--- AIM OF THE EXERCISE ---
No pictures belong in the copy. Retype exactly, and only, the stretch of lines below from the one with "Edward Elgar, 1904" through the one with "TE03 29 帶入臺灣。".

INPUT below:

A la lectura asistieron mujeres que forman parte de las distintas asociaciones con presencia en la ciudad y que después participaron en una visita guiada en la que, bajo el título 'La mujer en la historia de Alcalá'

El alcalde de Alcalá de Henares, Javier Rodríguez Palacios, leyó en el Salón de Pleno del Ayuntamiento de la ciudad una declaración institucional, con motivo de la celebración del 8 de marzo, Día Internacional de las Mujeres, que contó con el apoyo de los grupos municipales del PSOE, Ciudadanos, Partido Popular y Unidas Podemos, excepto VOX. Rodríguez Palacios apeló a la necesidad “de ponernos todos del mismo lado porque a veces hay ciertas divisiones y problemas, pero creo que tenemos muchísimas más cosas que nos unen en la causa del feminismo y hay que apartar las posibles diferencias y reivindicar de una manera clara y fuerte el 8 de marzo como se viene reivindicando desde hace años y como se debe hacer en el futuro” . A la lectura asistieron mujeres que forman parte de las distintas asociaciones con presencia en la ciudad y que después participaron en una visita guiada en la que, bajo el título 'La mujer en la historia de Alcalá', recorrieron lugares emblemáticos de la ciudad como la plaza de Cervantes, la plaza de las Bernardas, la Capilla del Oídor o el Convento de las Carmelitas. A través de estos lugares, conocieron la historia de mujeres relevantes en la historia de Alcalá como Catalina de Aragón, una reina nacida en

End of INPUT.
INPUT below:

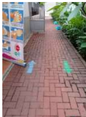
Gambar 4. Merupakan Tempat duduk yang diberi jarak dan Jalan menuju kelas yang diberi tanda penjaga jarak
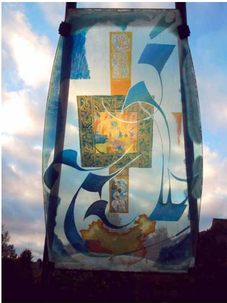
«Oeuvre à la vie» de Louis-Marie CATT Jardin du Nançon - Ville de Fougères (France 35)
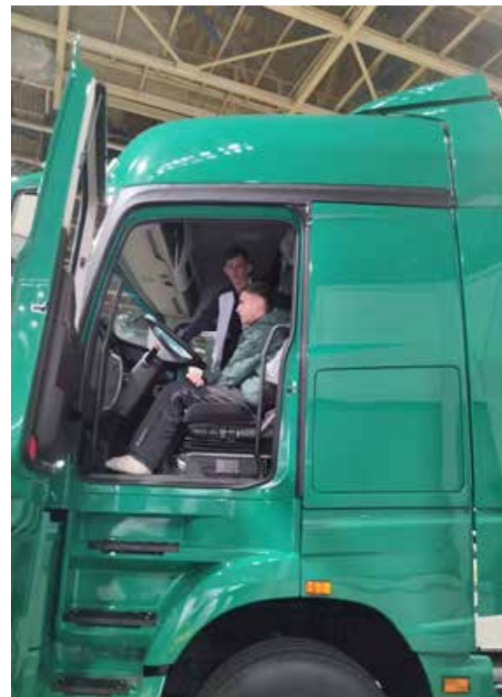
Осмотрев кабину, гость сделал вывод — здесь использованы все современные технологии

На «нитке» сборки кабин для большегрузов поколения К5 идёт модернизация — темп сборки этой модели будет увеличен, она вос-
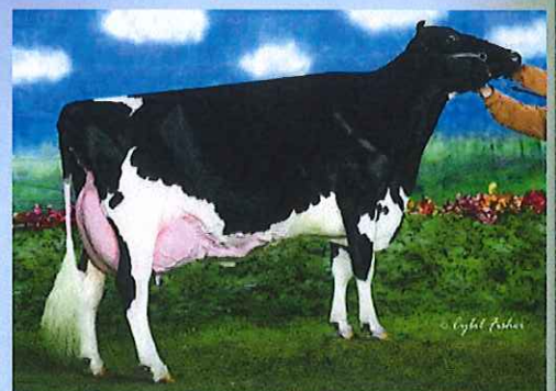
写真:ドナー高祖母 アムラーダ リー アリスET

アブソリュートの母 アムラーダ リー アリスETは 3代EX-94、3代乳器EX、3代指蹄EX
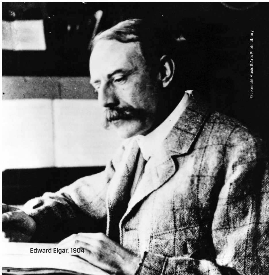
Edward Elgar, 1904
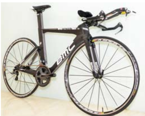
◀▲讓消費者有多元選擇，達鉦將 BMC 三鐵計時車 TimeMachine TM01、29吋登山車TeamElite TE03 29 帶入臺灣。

End of INPUT.

--- ANSWER SPACE ---
Edward Elgar, 1904
◀▲讓消費者有多元選擇，達鉦將 BMC 三鐵計時車 TimeMachine TM01、29吋登山車TeamElite TE03 29 帶入臺灣。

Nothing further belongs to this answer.